### TASK PROMPT
Restate the lines of the material below word for word, from the first through the one containing "Brief: Simple, minimal, clean, and", and include nothing else; pictures stay out.

### SUPPLIED RECORDS

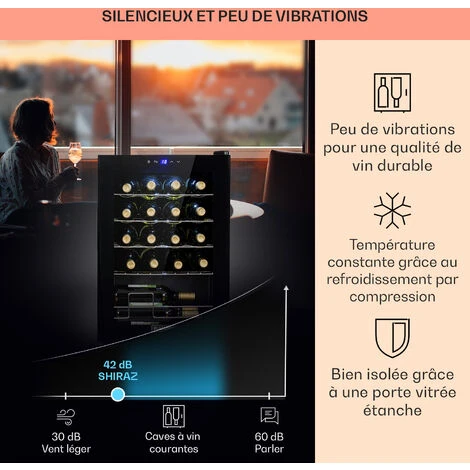 Pour l’amour du vin : la cave à vin Klarstein Shiraz 20 Slim Uno garantit le meilleur plaisir du vin en conservant les bouteilles à la bonne température de consommation. Elle brille par son design fin et s’insère merveilleusement bien dans les petits espaces. Conservez jusqu’à 20 bouteilles de vin de manière optimale à une température de dégustation comprise entre 5 et 18 °C. La porte en verre de sécurité vous permet de présenter les bouteilles de manière magnifique.
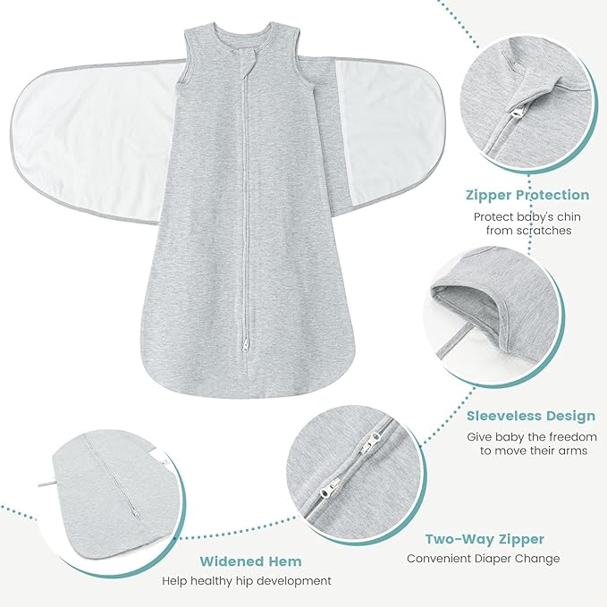 - 3-Position Arm Styles: Adapt to your baby's preference with 3 adjustable arm positions-arms in for a cozy, womb-like feel, arms out for more freedom of movement, and hands-to-face for self-soothing. Our sleep sack swaddle adapts to every growth stage
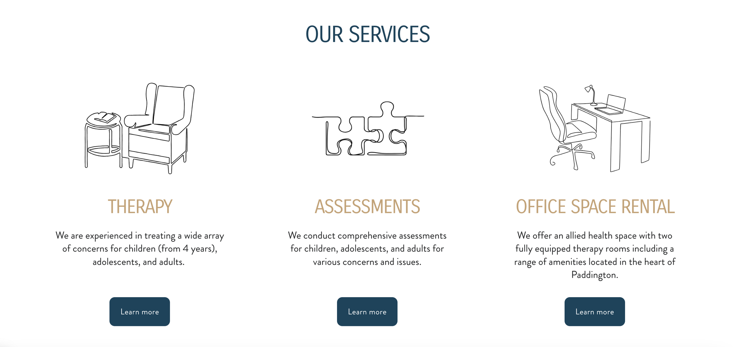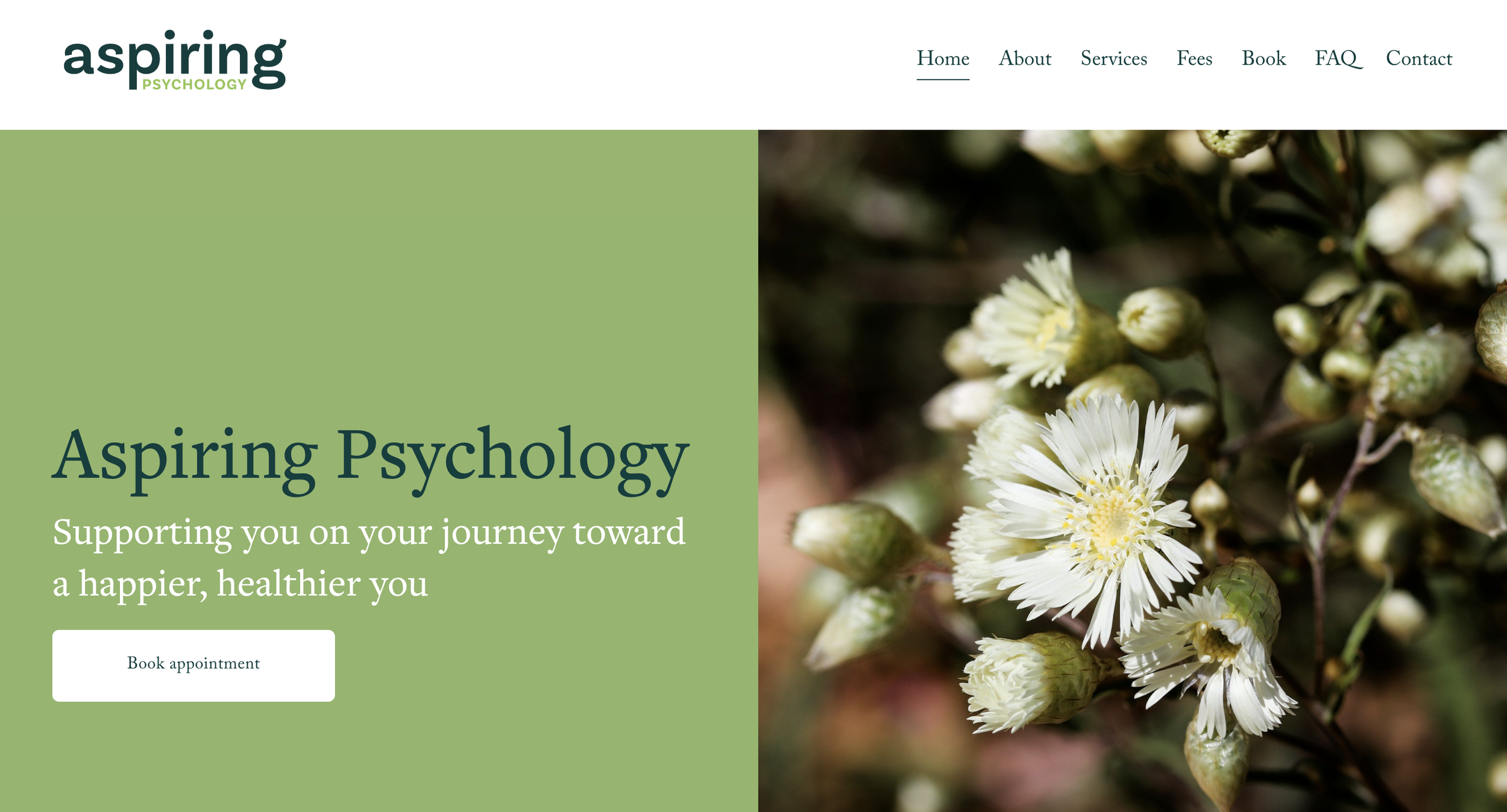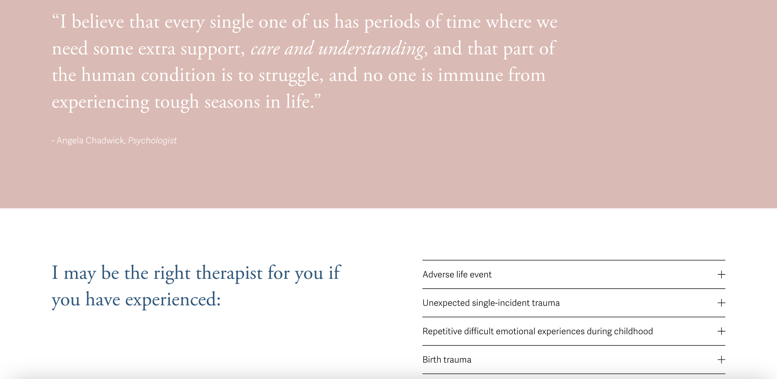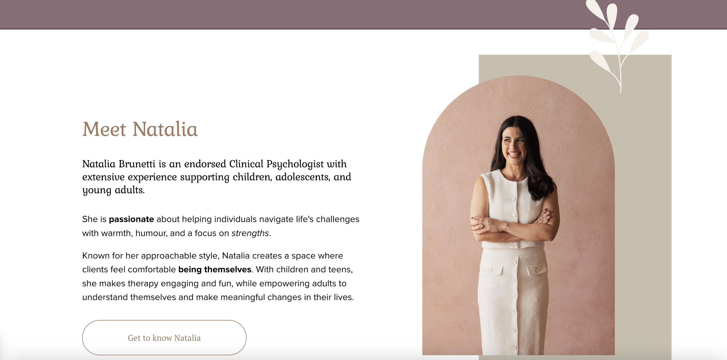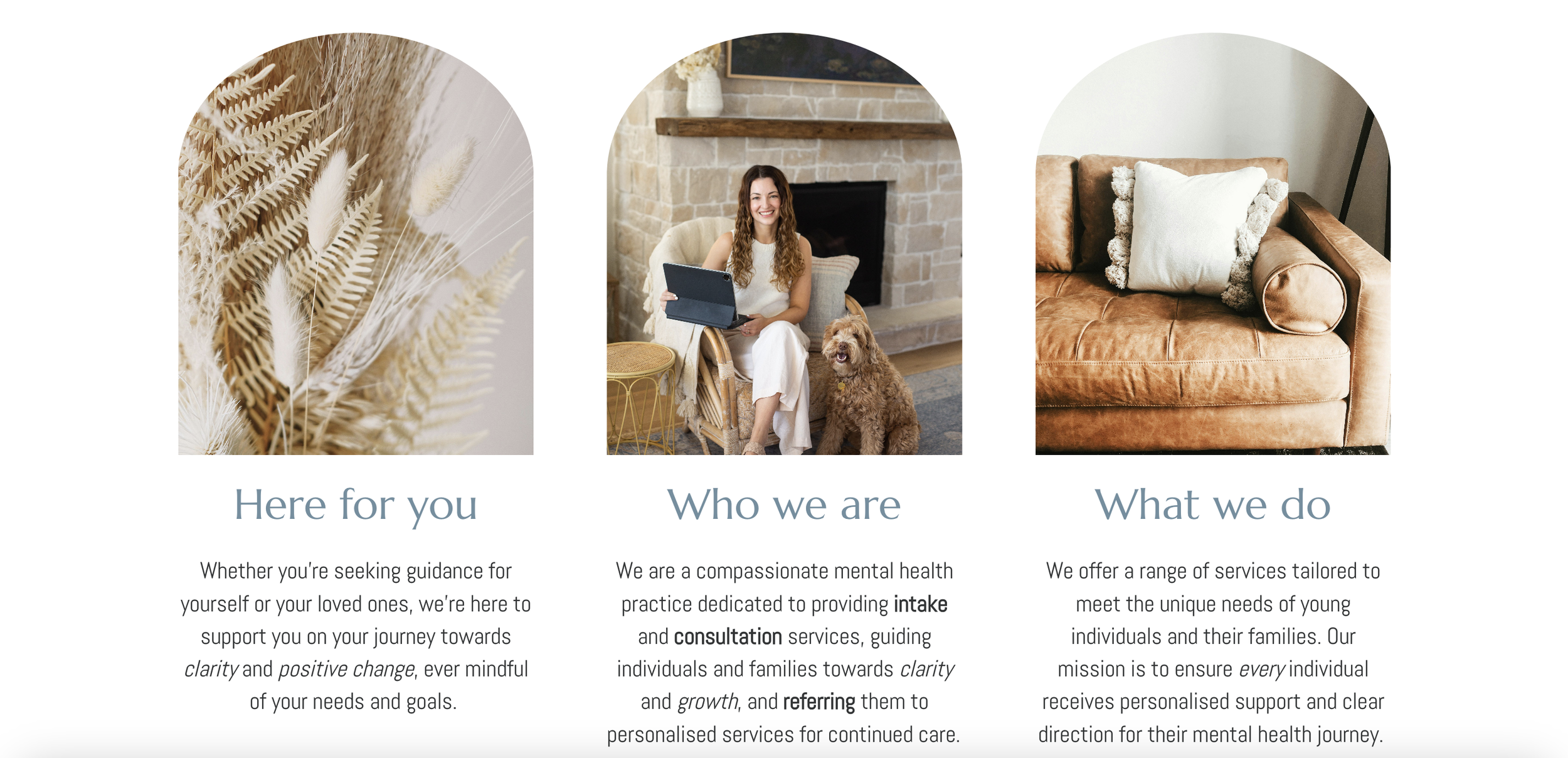 Brief: Simple, minimal, clean, and professional website reflecting clinician’s approach and style.
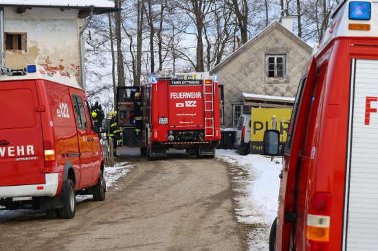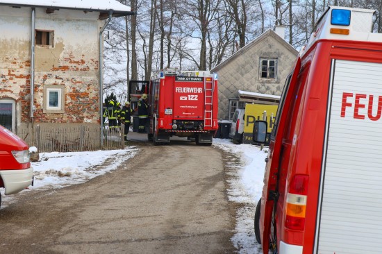 Die Einsatzkräfte von vier Feuerwehren wurden mit dem Einsatzstichwort "Brand landwirtschaftliches Objekt" gerufen. Offenbar beim Versuch vereiste beziehungsweise gefrorene Wasserleitungen aufzutauen, ist es auf einem Bauernhof in Ottnang am Hausruck zu einem Brand gekommen. Das Feuer beschränkte sich zum Glück auf den Bereich eines Schachtes unter dem Heuboden. Der Besitzer konnte den Brand mittels Gartenschlauch und mehreren Eimern Wasser bereits wieder soweit ablöschen, dass die eintreffenden Einsatzkräfte nur mehr Nachlöscharbeiten durchführen mussten.
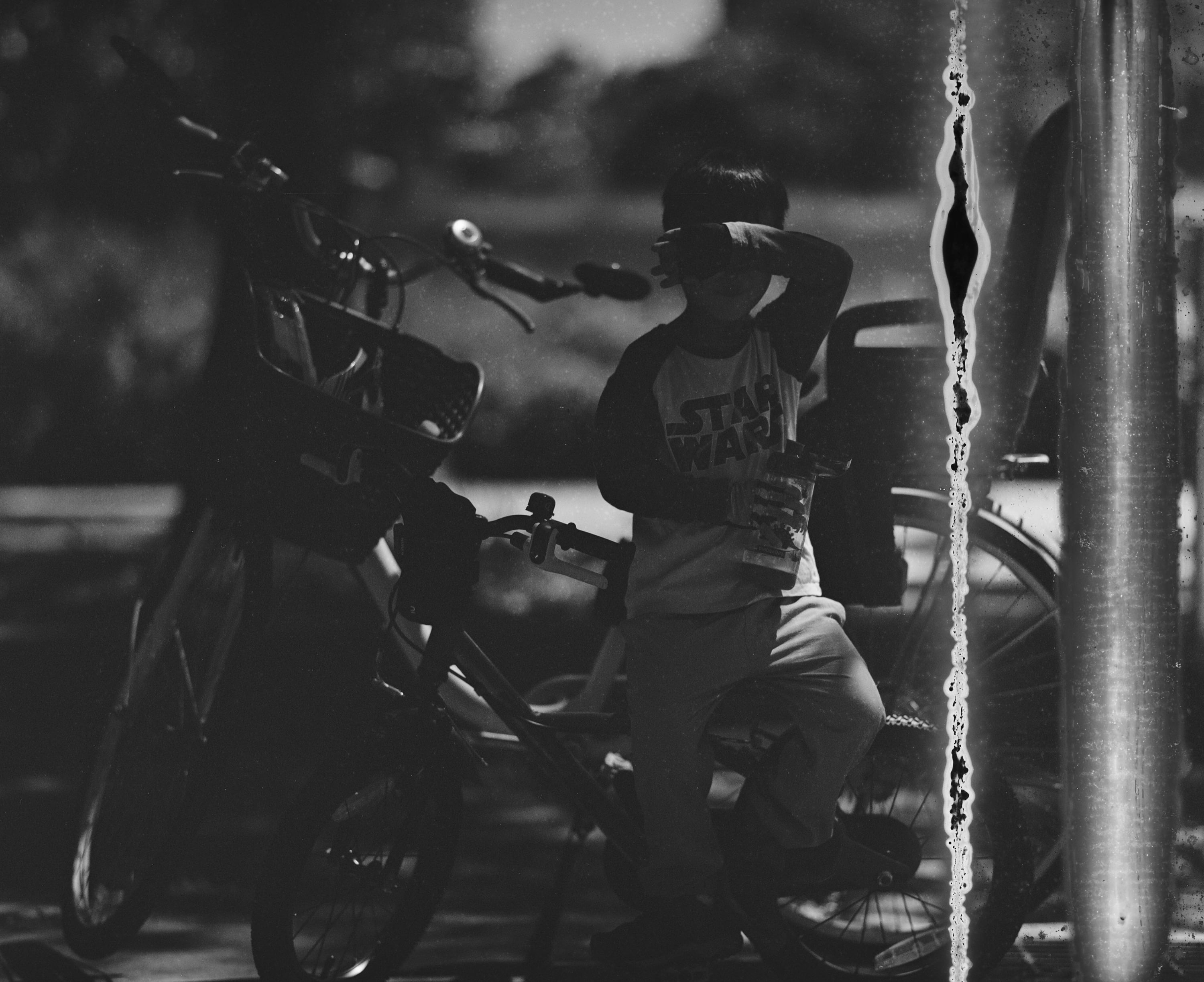 我好喜歡這一張照片,雖然就成像結果來說非常災難,可是我覺得太特別了。不知道為什麼,我覺得 Pentax 6x76 75mm f4.5 Takumar 這顆鏡頭在狹小空間之內總是可以發揮得出乎意料的好,即便它的光圈不夠大,需要更長時間的曝光。或許這就是片幅優勢的展現,即使帳面規格只是 75mm f4.5,但拍出來的畫面結構和層次卻非常驚人,恰到好處的景深,恰到好處的視角範圍,形成具有獨特張力的磅礴畫面。看到這張照片,我第一個反應是「他只是個四歲小孩啊!幹嘛要他拍這種很像悲傷情歌專輯封面的照片呢!」。實際上,這張照片只是某天我開車送兒子上學,我停好車之後,正在等他吃完小餅乾,吃完我們就要準備下車進學校了。

######

### EXERCISE ANSWER
 Pour l’amour du vin : la cave à vin Klarstein Shiraz 20 Slim Uno garantit le meilleur plaisir du vin en conservant les bouteilles à la bonne température de consommation. Elle brille par son design fin et s’insère merveilleusement bien dans les petits espaces. Conservez jusqu’à 20 bouteilles de vin de manière optimale à une température de dégustation comprise entre 5 et 18 °C. La porte en verre de sécurité vous permet de présenter les bouteilles de manière magnifique.
 - 3-Position Arm Styles: Adapt to your baby's preference with 3 adjustable arm positions-arms in for a cozy, womb-like feel, arms out for more freedom of movement, and hands-to-face for self-soothing. Our sleep sack swaddle adapts to every growth stage
 Brief: Simple, minimal, clean, and professional website reflecting clinician’s approach and style.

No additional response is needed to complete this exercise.